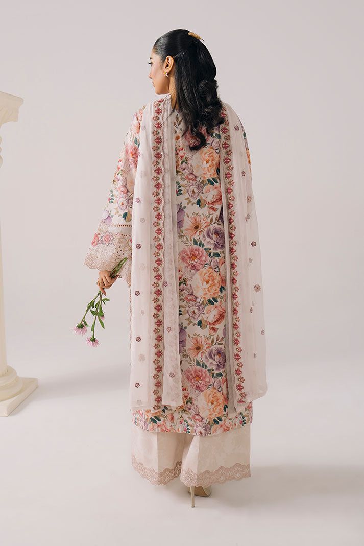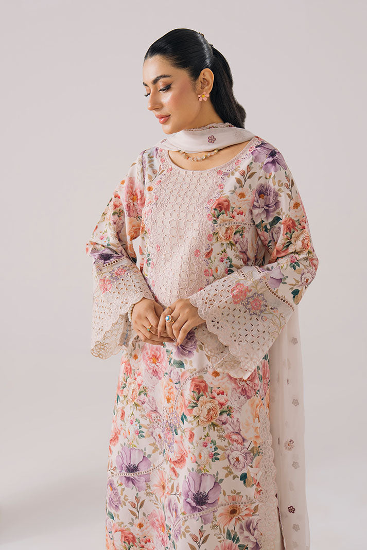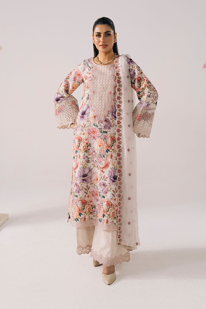 This design features a beautifully printed lawn shirt enhanced with delicate embroidery on the neckline and sleeves, offering a refined yet breathable summer look. It is paired with an embroidered chiffon dupatta that adds graceful movement and elegance. The printed lawn trouser completes the outfit with effortless comfort, making it ideal for warm-weather styling.
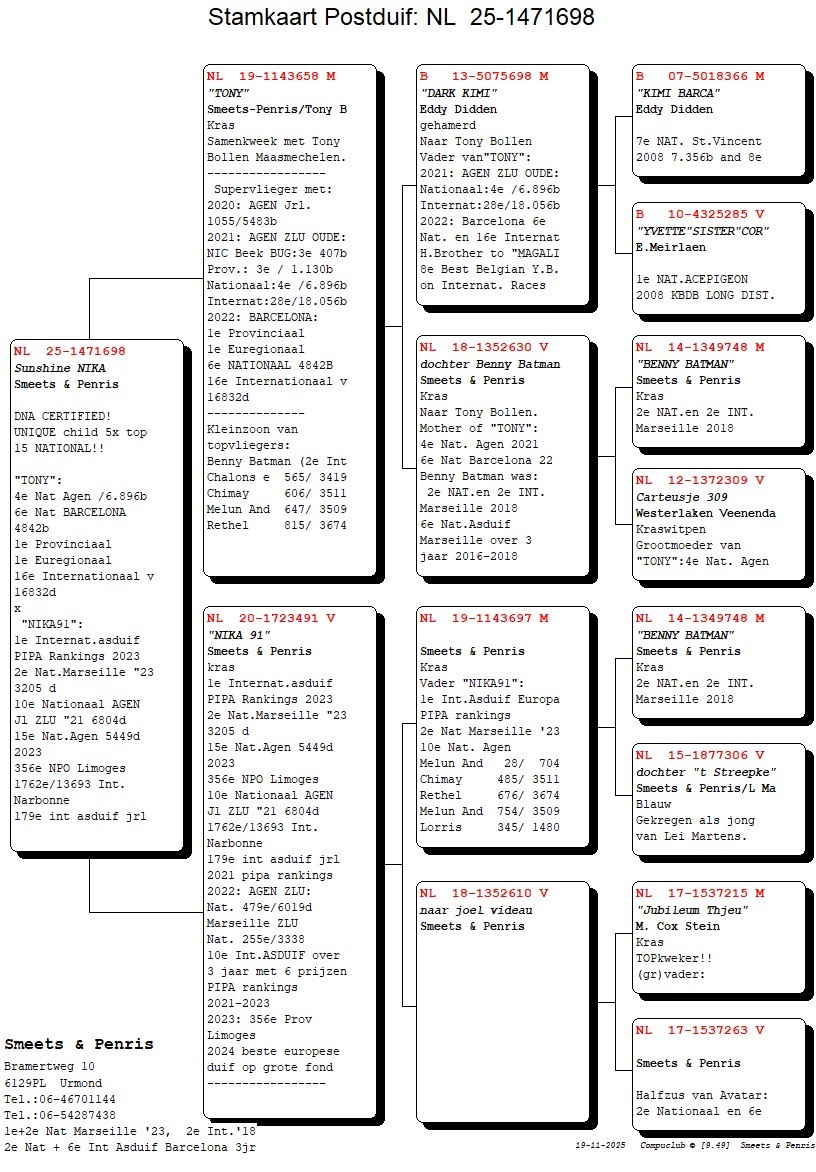 “BENNY BATMAN” is (grand)father of the 1st National Marseille, 2nd National Marseille, 4th National Agen ZLU, 6th National Barcelona, 8th Ace OLR Derby Avirings Slovenia, 10th National Agen ZLU, 19National Agen ZLU, etc …!
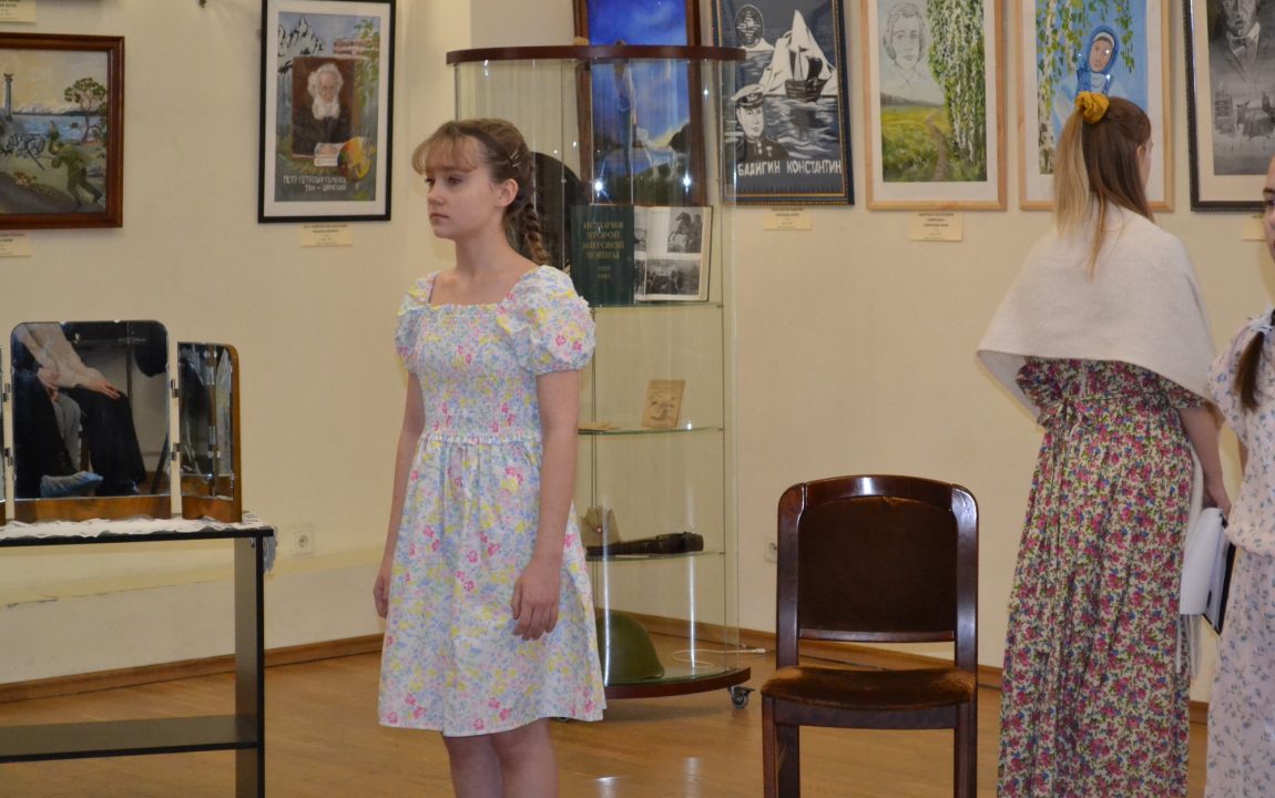Вечер «900 дней мужества», посвященный 80-ой годовщине снятия блокады Ленинграда состоялся в Литературном салоне музея. По сюжету, Света и Катя (в исполнении Анастасии Щемлевой и Виктории Коваленко), находясь в советской квартире довоенного Ленинграда, рассуждают о счастливом и светлом будущем. Света желает стать хирургом, как Николай Бурденко, а Катя – порхать на сцене, как балерина Ольга Иордан. Мечтам девочек не суждено сбыться – начинается Великая Отечественная Война…
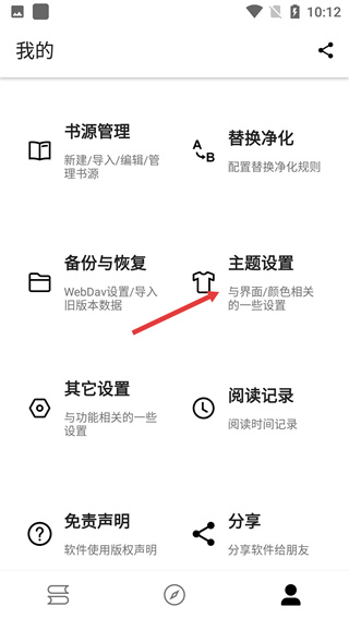 2、在【我的】頁(yè)面,找到并點(diǎn)擊【主題設(shè)置】選項(xiàng),進(jìn)入主題相關(guān)的配置界面,可調(diào)整界面風(fēng)格。
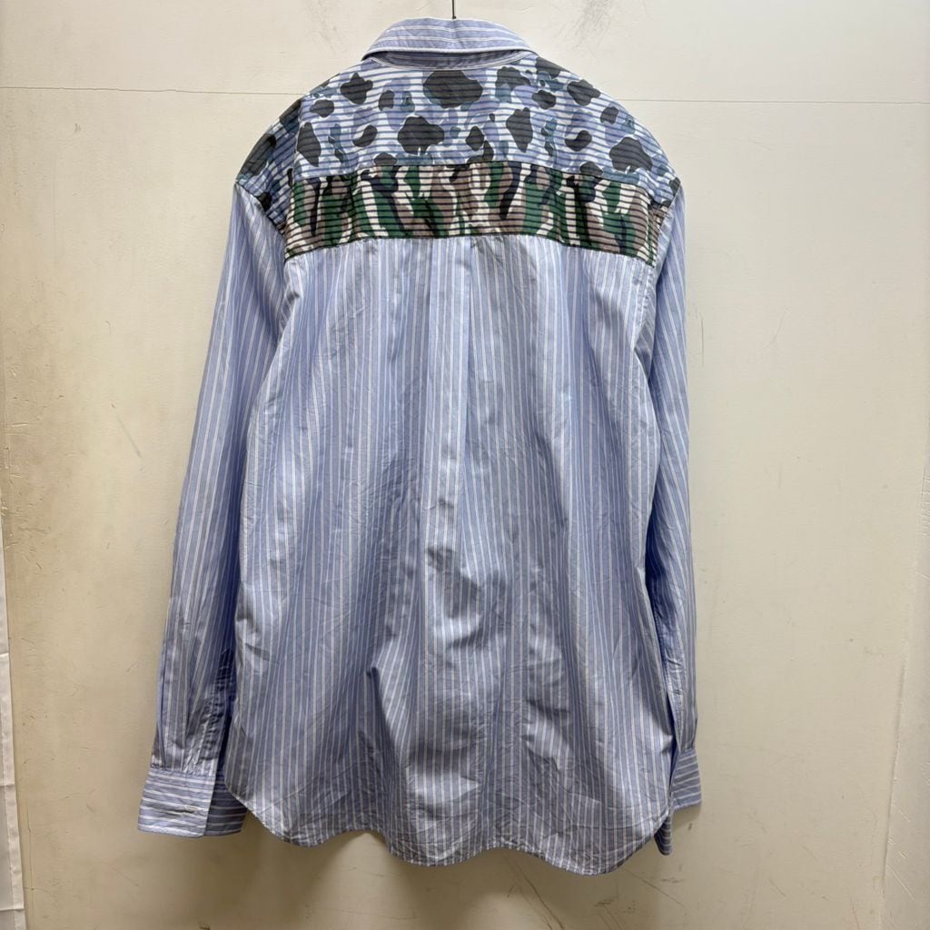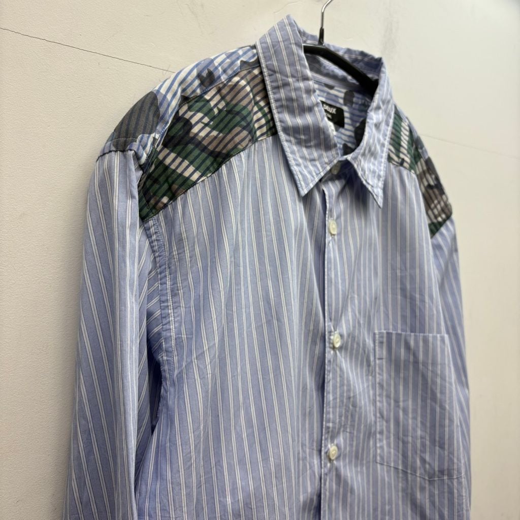 ストライプ柄をベースに、肩部分がカモ柄に切り替えられたデザインのアイテムです。
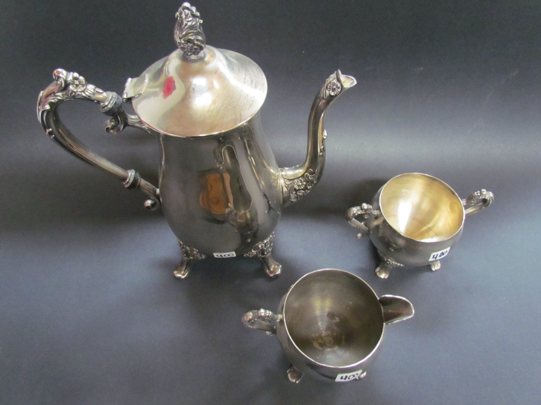 Silver Elegance plated E.D. Brass tea set (sugar,cream,pot)
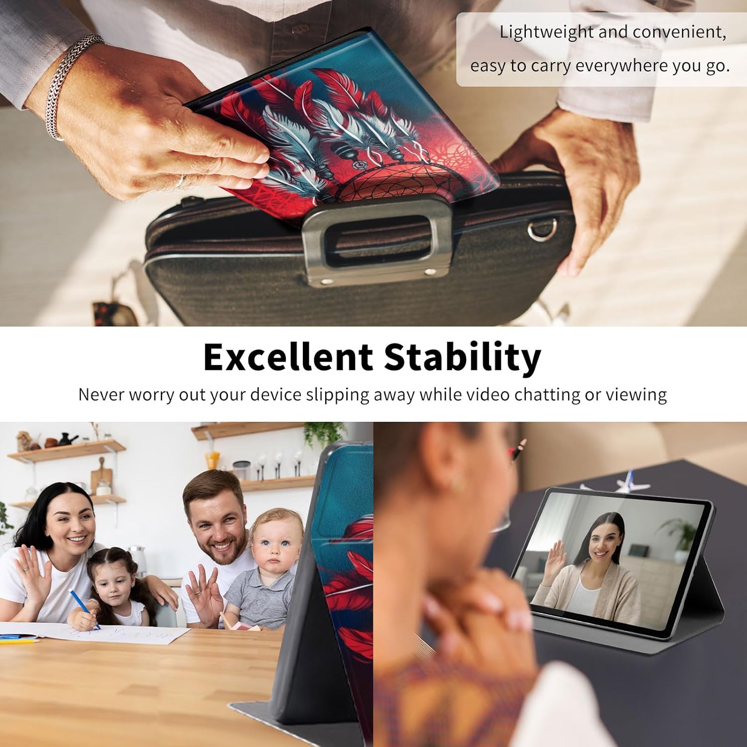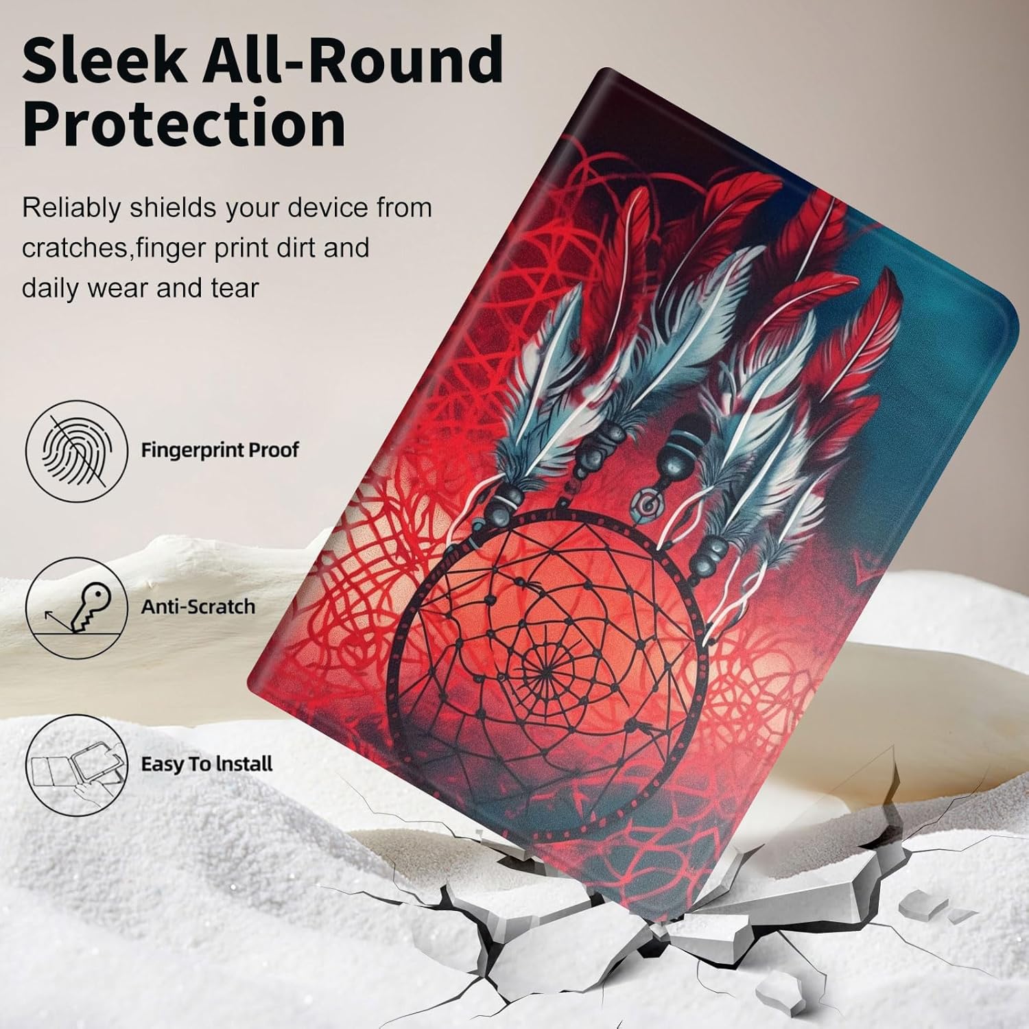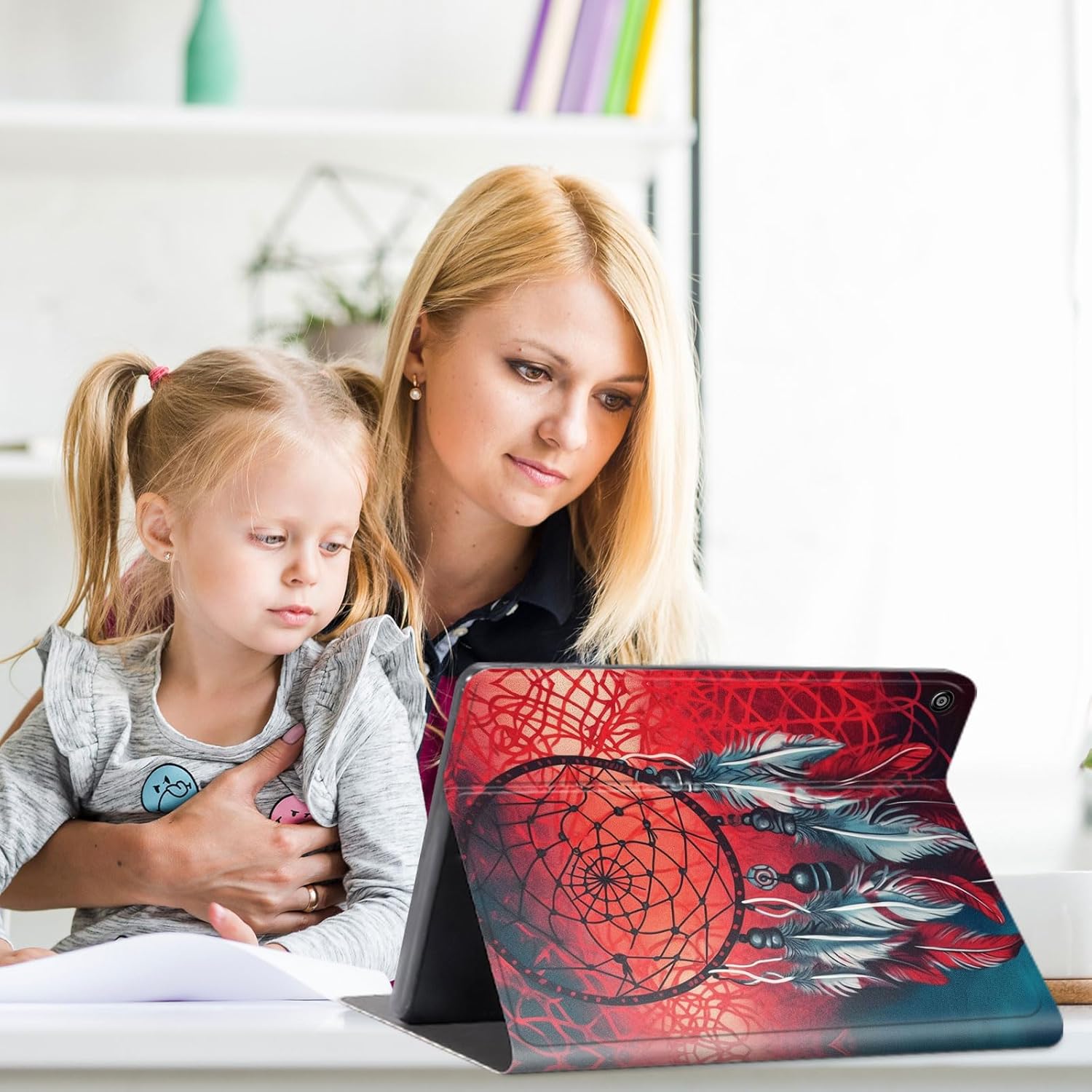Case for Amazon Fire HD 8 Tablet (8th/7th/6th Generation 2018/2017/2016 Release),with Auto Wake/Sleep PU Leather Multi-Angle Stand Smart Cases for Fire HD 8 6/7/8th Gen 8″,Dream Catcher Red Feathers
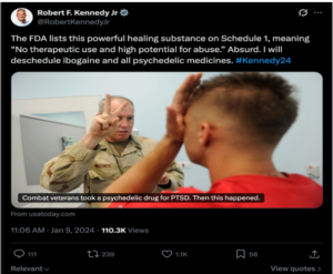 During his 2024 campaign for President, current Health and Human Services Secretary Robert F. Kennedy Jr. posted a tweet in which he vowed to decriminalize and legalize ‘all psychedelic medicines’ if elected, specifically mentioning ibogaine for its positive effects. See that tweet below,
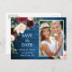 Burgundy Navy Blue Bröllop spara datum vycard.
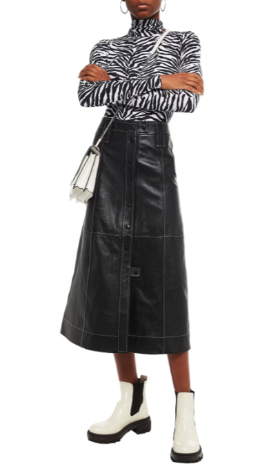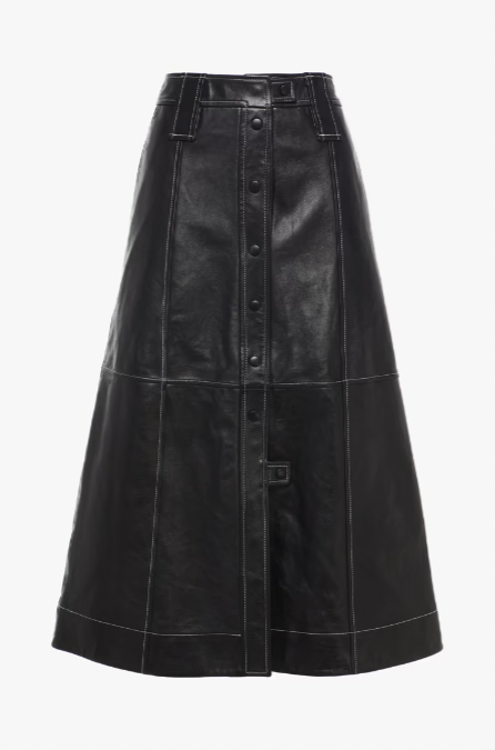 近期深受明星和穿搭博主青睞北歐小眾品牌 GANNI,重新詮釋了衣櫥必備的半身 A 字長裙,採用全皮革製造,充滿街頭酷帥風,加上白色車線設計,讓沈悶的黑色瞬間充滿時尚感。

THE PROBLEM →
Reproduce the lines of the listing exactly, starting at the one that contains "During his 2024" and continuing through the final line, but leave out the pictures.

RESULT OF THIS TASK →
 During his 2024 campaign for President, current Health and Human Services Secretary Robert F. Kennedy Jr. posted a tweet in which he vowed to decriminalize and legalize ‘all psychedelic medicines’ if elected, specifically mentioning ibogaine for its positive effects. See that tweet below,
 Burgundy Navy Blue Bröllop spara datum vycard.
 近期深受明星和穿搭博主青睞北歐小眾品牌 GANNI,重新詮釋了衣櫥必備的半身 A 字長裙,採用全皮革製造,充滿街頭酷帥風,加上白色車線設計,讓沈悶的黑色瞬間充滿時尚感。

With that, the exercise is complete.